Gun points: Who cares about protecting life?
In 1996, after an assailant massacred 35 people at a resort area in Port Arthur, Tasmania, Australians responded to the horror by banning the possession of automatic rifles and shotguns. Gunowners proceeded to turn in 650,000 guns to the government (which reimbursed them for the cost). Since that year, gun deaths in Australia have been cut in half. The country’s per capita gun crime rate is a tenth that of the United States.
Why no similar societal response here? Surely some decisive measure is needed. Every year the U.S. suffers 15 firearm deaths for every 100,000 citizens—vastly more than in other industrialized countries that have stricter gun laws, like Norway (4 per 100,000) or England or Japan (less than 1 gun death per 100,000). Other countries have crazy assailants and occasional mass shootings—but none as many or as often as the U.S.
Cho Seung-Hui’s shooting rampage at Virginia Tech that left 33 people dead hasn’t even prompted a serious political debate on gun laws and it isn’t likely to. Many of those who favor gun laws lack the stomach for taking on the National Rifle Association and its allies, who regard all efforts to restrict gun ownership as assaults on individual liberty. It’s become an article of faith among Democrats that Al Gore lost key states (including his home state of Tennessee) in the 2000 presidential race because of his support for tougher gun laws.
One of the guns that Cho used was a 9mm semiautomatic pistol with a 15-round magazine that allowed him to get off 15 shots without stopping to reload. That’s the kind of killing machine that has nothing to do with the sport of hunting. There is no reason a civilian should own such a gun. In most countries of the world such a weapon is available only to police. In this country it is sold to virtually anybody.
Cho’s pistol was among the guns outlawed by the 1994 ban on assault weapons. Congress, with President Bush’s tacit approval, allowed that ban to expire in 2004. You might think there would now be a strong move to reinstate and even strengthen that ban. But you would be wrong.
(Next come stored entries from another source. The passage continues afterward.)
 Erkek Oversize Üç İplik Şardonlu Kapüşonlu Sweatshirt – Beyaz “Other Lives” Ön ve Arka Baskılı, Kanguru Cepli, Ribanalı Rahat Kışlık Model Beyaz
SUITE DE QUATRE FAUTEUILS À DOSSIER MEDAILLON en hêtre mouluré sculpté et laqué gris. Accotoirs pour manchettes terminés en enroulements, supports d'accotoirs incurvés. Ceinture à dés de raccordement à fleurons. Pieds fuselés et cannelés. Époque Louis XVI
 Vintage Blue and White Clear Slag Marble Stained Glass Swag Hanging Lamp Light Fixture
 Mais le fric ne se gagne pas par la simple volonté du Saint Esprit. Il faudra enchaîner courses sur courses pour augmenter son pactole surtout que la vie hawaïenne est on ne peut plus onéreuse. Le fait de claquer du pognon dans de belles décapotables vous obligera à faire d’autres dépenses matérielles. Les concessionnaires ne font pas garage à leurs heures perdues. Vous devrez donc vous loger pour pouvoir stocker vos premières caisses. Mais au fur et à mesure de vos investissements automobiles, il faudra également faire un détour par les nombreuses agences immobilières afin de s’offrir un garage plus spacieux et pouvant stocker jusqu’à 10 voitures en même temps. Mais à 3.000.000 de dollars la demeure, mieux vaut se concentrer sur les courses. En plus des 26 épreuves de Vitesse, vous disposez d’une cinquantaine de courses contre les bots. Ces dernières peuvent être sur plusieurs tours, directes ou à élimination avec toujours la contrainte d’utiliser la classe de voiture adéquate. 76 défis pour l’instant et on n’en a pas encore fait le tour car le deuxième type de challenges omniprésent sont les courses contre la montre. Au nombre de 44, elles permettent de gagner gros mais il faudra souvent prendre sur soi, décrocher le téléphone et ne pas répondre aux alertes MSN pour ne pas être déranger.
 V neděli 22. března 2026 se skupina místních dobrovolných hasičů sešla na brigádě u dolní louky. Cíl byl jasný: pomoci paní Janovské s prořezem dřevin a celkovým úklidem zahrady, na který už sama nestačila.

Why do Americans retreat when they hear the NRA’s myths about guns and liberty rather than rally to calls by police unions and city mayors for stricter gun laws? Why, when it comes to gun violence (but not abortion), do evangelical Christians say that the answer lies not in laws but in a change of heart? Why did the Institute on Religion and Democracy complain that the church leaders who raised the issue of gun control after the Virginia Tech killings had “exploited” the horror by injecting their political views (which is like saying that those who work to restrict tobacco use are exploiting the horror of lung cancer)? Not, we conclude, because they care about protecting life.